→ **Your objective**
Within the material below, locate the line with "10월28일에는 심주완 불교중앙박물관" and the line with "Cultured Freshwater Pearl", then return those two lines and all lines between them, exactly as written.

→ **Material shown**

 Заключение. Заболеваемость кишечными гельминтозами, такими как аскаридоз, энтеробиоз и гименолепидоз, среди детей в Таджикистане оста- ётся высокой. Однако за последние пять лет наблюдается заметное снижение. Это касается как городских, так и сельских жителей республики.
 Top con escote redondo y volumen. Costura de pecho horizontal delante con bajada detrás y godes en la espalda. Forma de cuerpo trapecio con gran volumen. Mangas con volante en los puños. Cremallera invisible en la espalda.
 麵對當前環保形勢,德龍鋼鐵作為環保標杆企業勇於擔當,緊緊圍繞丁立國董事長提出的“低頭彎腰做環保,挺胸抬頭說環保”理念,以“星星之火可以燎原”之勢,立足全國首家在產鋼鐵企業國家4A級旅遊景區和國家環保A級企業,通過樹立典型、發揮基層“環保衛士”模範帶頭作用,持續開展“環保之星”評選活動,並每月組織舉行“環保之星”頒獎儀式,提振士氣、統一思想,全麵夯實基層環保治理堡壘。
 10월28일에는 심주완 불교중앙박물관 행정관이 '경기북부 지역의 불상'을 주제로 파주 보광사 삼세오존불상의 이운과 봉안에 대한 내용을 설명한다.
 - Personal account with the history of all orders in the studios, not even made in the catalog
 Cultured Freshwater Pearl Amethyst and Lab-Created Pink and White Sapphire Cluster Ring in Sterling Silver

---

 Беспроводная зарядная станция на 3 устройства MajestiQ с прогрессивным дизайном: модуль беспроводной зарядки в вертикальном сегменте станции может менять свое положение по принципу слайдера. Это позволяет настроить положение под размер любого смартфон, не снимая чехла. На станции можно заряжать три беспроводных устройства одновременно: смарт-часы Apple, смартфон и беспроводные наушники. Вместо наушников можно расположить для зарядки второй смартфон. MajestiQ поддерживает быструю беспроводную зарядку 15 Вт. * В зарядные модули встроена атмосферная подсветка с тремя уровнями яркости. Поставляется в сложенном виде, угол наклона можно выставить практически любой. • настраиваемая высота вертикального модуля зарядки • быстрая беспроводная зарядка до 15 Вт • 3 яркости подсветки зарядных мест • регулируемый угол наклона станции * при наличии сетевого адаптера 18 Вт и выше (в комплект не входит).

→ **Expected output**
 10월28일에는 심주완 불교중앙박물관 행정관이 '경기북부 지역의 불상'을 주제로 파주 보광사 삼세오존불상의 이운과 봉안에 대한 내용을 설명한다.
 - Personal account with the history of all orders in the studios, not even made in the catalog
 Cultured Freshwater Pearl Amethyst and Lab-Created Pink and White Sapphire Cluster Ring in Sterling Silver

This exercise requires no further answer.